Start of DATA EXCERPT

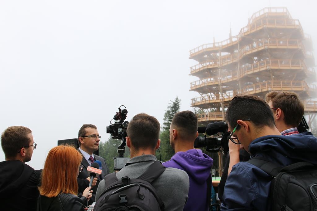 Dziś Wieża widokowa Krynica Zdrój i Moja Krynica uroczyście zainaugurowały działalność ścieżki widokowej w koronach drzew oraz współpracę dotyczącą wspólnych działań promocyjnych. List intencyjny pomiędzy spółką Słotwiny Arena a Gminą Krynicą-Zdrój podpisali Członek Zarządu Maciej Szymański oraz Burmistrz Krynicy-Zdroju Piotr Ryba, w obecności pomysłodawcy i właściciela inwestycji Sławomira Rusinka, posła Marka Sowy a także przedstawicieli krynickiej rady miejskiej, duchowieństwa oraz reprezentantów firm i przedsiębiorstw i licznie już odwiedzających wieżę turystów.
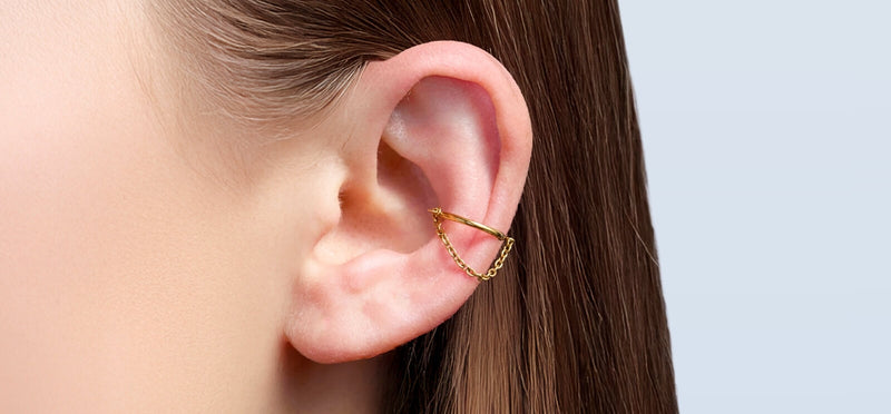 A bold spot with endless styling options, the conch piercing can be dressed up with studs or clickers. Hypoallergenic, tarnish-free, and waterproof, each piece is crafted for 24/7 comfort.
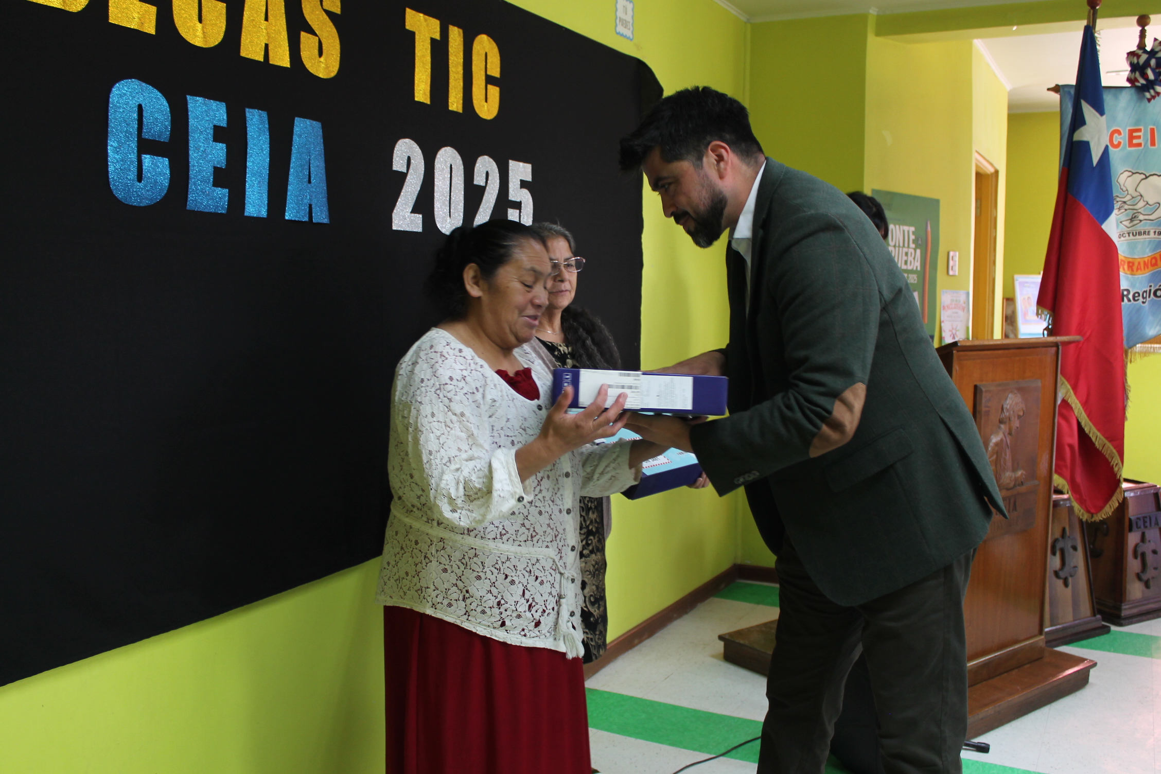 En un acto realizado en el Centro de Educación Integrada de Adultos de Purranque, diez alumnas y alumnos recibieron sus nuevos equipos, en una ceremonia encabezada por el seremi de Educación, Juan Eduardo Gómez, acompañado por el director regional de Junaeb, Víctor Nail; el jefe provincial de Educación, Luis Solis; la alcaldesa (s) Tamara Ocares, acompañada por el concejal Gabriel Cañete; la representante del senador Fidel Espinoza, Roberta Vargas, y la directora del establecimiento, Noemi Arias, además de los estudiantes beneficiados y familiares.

End of DATA EXCERPT

**TASK STATEMENT:** Retype each line above precisely, please. Skip anything that is a picture.

**WORKED SOLUTION:**
 Dziś Wieża widokowa Krynica Zdrój i Moja Krynica uroczyście zainaugurowały działalność ścieżki widokowej w koronach drzew oraz współpracę dotyczącą wspólnych działań promocyjnych. List intencyjny pomiędzy spółką Słotwiny Arena a Gminą Krynicą-Zdrój podpisali Członek Zarządu Maciej Szymański oraz Burmistrz Krynicy-Zdroju Piotr Ryba, w obecności pomysłodawcy i właściciela inwestycji Sławomira Rusinka, posła Marka Sowy a także przedstawicieli krynickiej rady miejskiej, duchowieństwa oraz reprezentantów firm i przedsiębiorstw i licznie już odwiedzających wieżę turystów.
 A bold spot with endless styling options, the conch piercing can be dressed up with studs or clickers. Hypoallergenic, tarnish-free, and waterproof, each piece is crafted for 24/7 comfort.
 En un acto realizado en el Centro de Educación Integrada de Adultos de Purranque, diez alumnas y alumnos recibieron sus nuevos equipos, en una ceremonia encabezada por el seremi de Educación, Juan Eduardo Gómez, acompañado por el director regional de Junaeb, Víctor Nail; el jefe provincial de Educación, Luis Solis; la alcaldesa (s) Tamara Ocares, acompañada por el concejal Gabriel Cañete; la representante del senador Fidel Espinoza, Roberta Vargas, y la directora del establecimiento, Noemi Arias, además de los estudiantes beneficiados y familiares.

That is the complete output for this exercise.